By analyzing existing cross correlation between China Yuchai International and Curtiss Wright, you can compare the effects of market volatilities on China Yuchai and Curtiss Wright and check how they will diversify away market risk if combined in the same portfolio for a given time horizon. You can also utilize pair trading strategies of matching a long position in China Yuchai with a short position of Curtiss Wright. Check out your portfolio center. Please also check ongoing floating volatility patterns of China Yuchai and Curtiss Wright.

Diversification Opportunities for China Yuchai and Curtiss Wright

-0.43
  Correlation Coefficient

Very good diversification

The 3 months correlation between China and Curtiss is -0.43. Overlapping area represents the amount of risk that can be diversified away by holding China Yuchai International and Curtiss Wright in the same portfolio, assuming nothing else is changed. The correlation between historical prices or returns on Curtiss Wright and China Yuchai is a relative statistical measure of the degree to which these equity instruments tend to move together.
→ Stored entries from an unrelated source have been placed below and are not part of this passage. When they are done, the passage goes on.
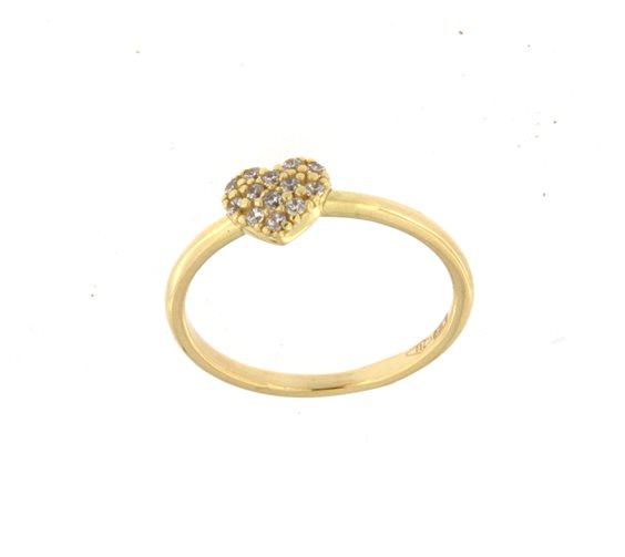 Anello in Oro Giallo 750/°°° (18 Kt) con cuore tempestato di zirconi; misura anello numero 10 personalizzabile su richiesta presso il nostro laboratorio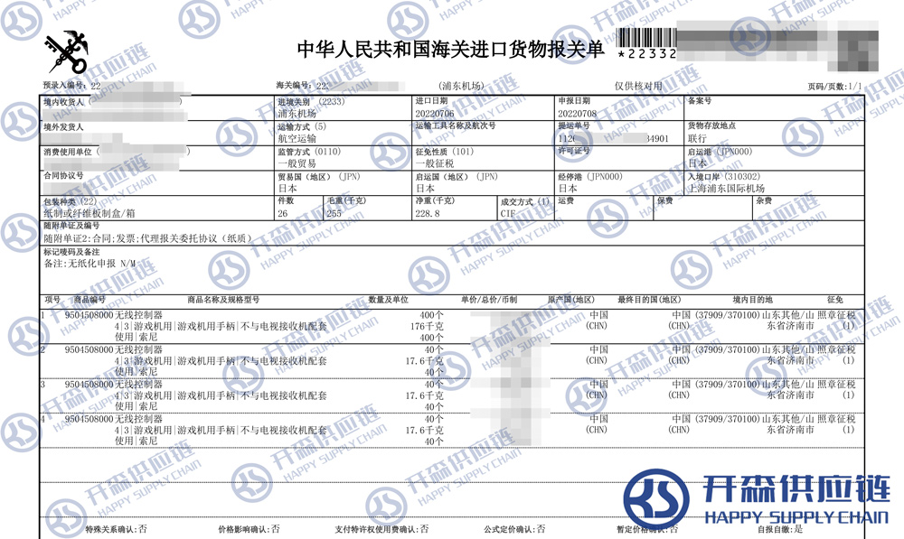【本文結(jié)語(yǔ)】 上述就是日本索尼PS5游戲機(jī)進(jìn)口清關(guān)報(bào)關(guān)代理服務(wù)【經(jīng)典案例】的全部?jī)?nèi)容,希望能對(duì)您有所幫助,如有游戲機(jī)進(jìn)口報(bào)關(guān)上任何疑問(wèn)及問(wèn)題可隨時(shí)在線聯(lián)系我們或撥打 18002611553,開(kāi)森供應(yīng)鏈擁有豐富的游戲機(jī)進(jìn)口報(bào)關(guān)操作經(jīng)驗(yàn)及案例,10余年進(jìn)口經(jīng)驗(yàn)為您所用,各類(lèi)進(jìn)口疑難都能為您一一解答及協(xié)助快速處理解決!
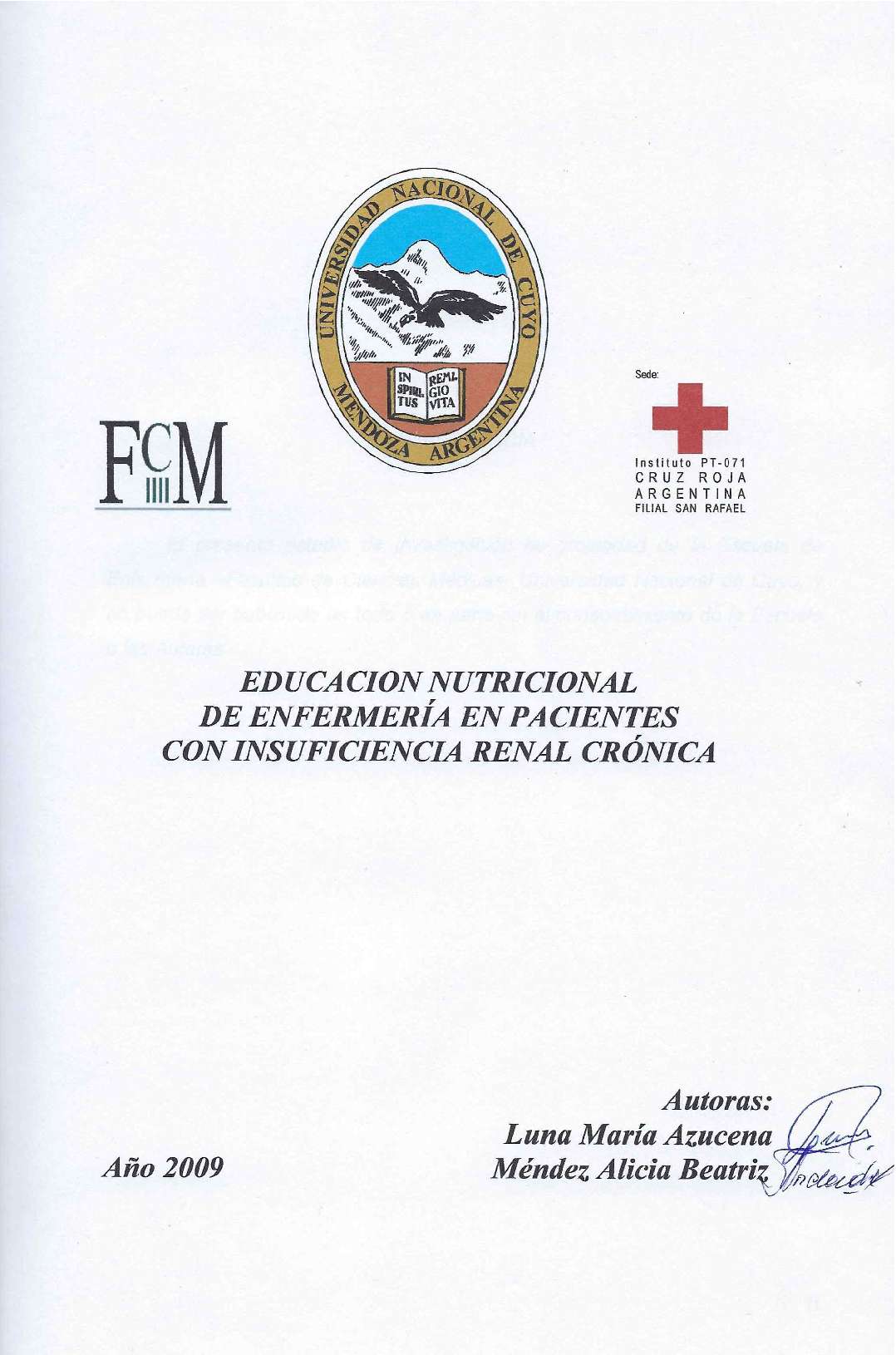 Luna, María Azucena; Méndez, Alicia Beatriz. (2009). Educación nutricional de enfermeros en pacientes con insuficiencia renal crónica : (Tesina de grado). Mendoza, Universidad Nacional de Cuyo. Facultad de Ciencias Médicas. Escuela de Enfermería..

The correlation coefficient measures the extent to which returns on China Yuchai International are associated (or correlated) with Curtiss Wright. Values of the correlation coefficient range from -1 to +1, where. The correlation of zero (0) is possible when the price movement of Curtiss Wright has no effect on the direction of China Yuchai i.e., China Yuchai and Curtiss Wright go up and down completely randomly.
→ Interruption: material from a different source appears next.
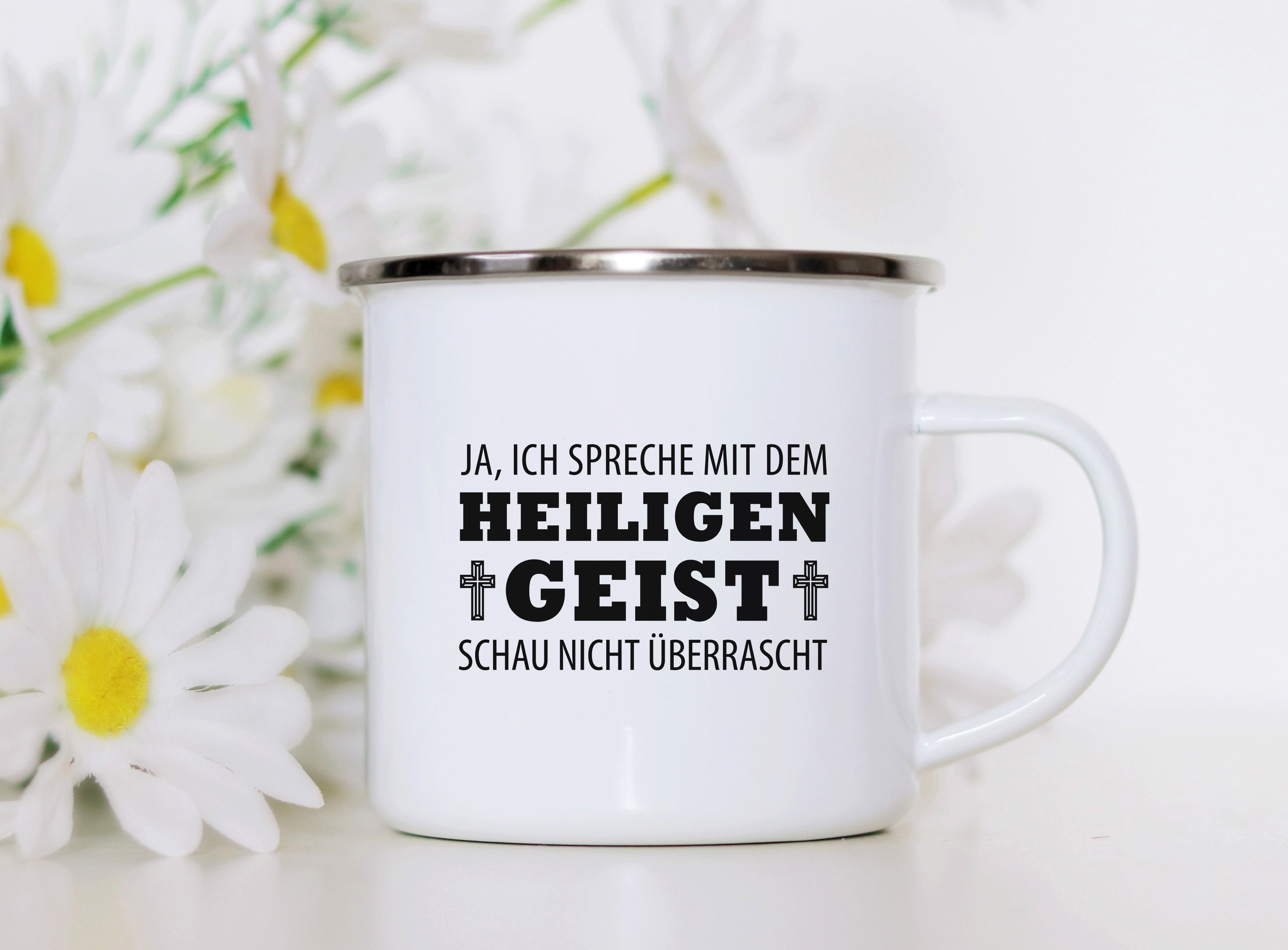 Emaille Tasse ich spreche mit dem heiligen geist

Pair Corralation between China Yuchai and Curtiss Wright

Considering the 90-day investment horizon China Yuchai International is expected to under-perform the Curtiss Wright. In addition to that, China Yuchai is 1.65 times more volatile than Curtiss Wright. It trades about -0.01 of its total potential returns per unit of risk. Curtiss Wright is currently generating about 0.22 per unit of volatility. If you would invest  22,555  in Curtiss Wright on January 26, 2024 and sell it today you would earn a total of  2,709  from holding Curtiss Wright or generate 12.01% return on investment over 90 days.
Time Period3 Months [change]
DirectionMoves Against 
StrengthVery Weak
Accuracy100.0%
ValuesDaily Returns

China Yuchai International  vs.  Curtiss Wright

 Performance 
       Timeline  
China Yuchai Interna 

Risk-Adjusted Performance

0 of 100

 
Weak
 
Strong
Very Weak
Over the last 90 days China Yuchai International has generated negative risk-adjusted returns adding no value to investors with long positions. In spite of rather sound basic indicators, China Yuchai is not utilizing all of its potentials. The recent stock price tumult, may contribute to shorter-term losses for the shareholders.
Curtiss Wright 

Risk-Adjusted Performance

17 of 100

 
Weak
 
Strong
Solid
Compared to the overall equity markets, risk-adjusted returns on investments in Curtiss Wright are ranked lower than 17 (%) of all global equities and portfolios over the last 90 days. In spite of fairly unfluctuating basic indicators, Curtiss Wright may actually be approaching a critical reversion point that can send shares even higher in May 2024.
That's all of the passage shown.